━━━ DATASET EXTRACT ━━━

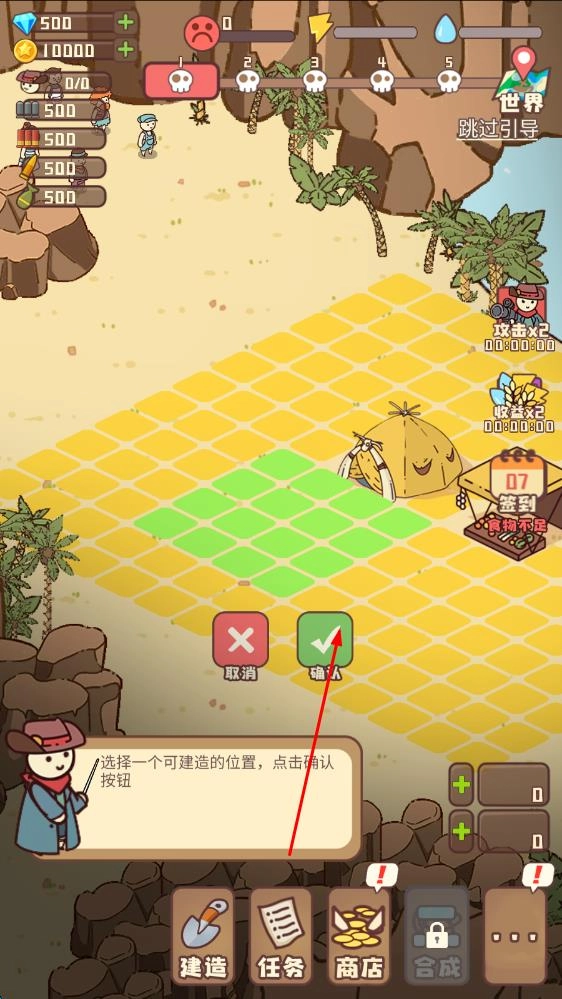 1、进入游戏后,点击“建造”按钮开启村庄建设,优先建造营帐提供住宿、蒸汽发电机保障能源,在沙盒方格中规划布局,确保建筑位置合理,为后续发展奠定基础。
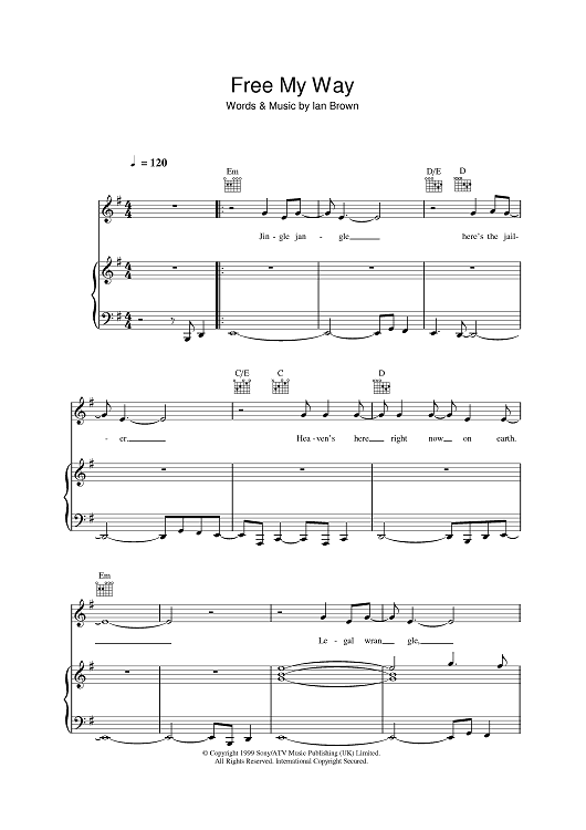 Digital Sheet Music for Free My Way by Ian Brown scored for Piano/Vocal/Chords; id:392125
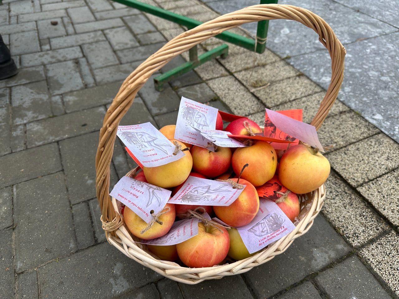 Pe lângă flashmob, trecătorilor li s-au oferit mere cu mesaje inscripționate pentru a întări mesajul campaniei.
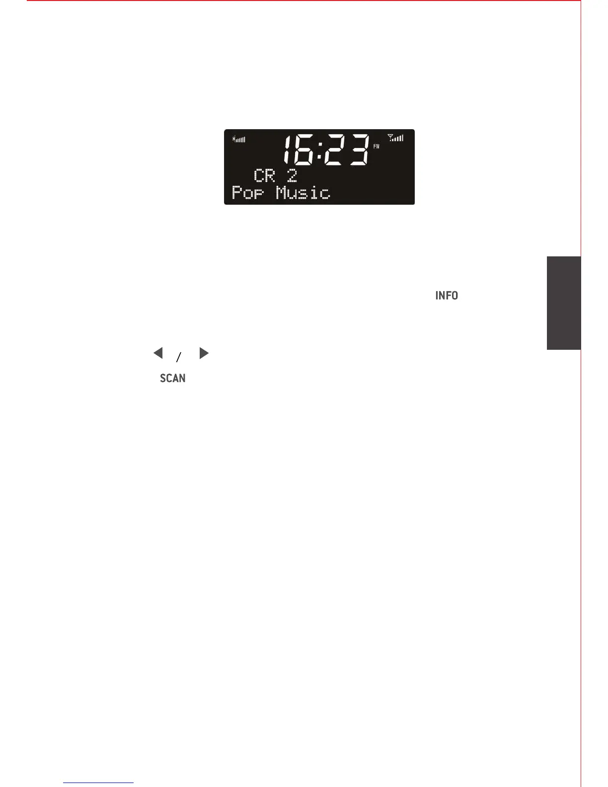 Den første tekstraden er frekvensen eller navnet på FM-stasjonen.

━━━

Apart from the pictures, the material above has to be repeated exactly.

TASK SOLUTION.
 1、进入游戏后,点击“建造”按钮开启村庄建设,优先建造营帐提供住宿、蒸汽发电机保障能源,在沙盒方格中规划布局,确保建筑位置合理,为后续发展奠定基础。
 Digital Sheet Music for Free My Way by Ian Brown scored for Piano/Vocal/Chords; id:392125
 Pe lângă flashmob, trecătorilor li s-au oferit mere cu mesaje inscripționate pentru a întări mesajul campaniei.
 Den første tekstraden er frekvensen eller navnet på FM-stasjonen.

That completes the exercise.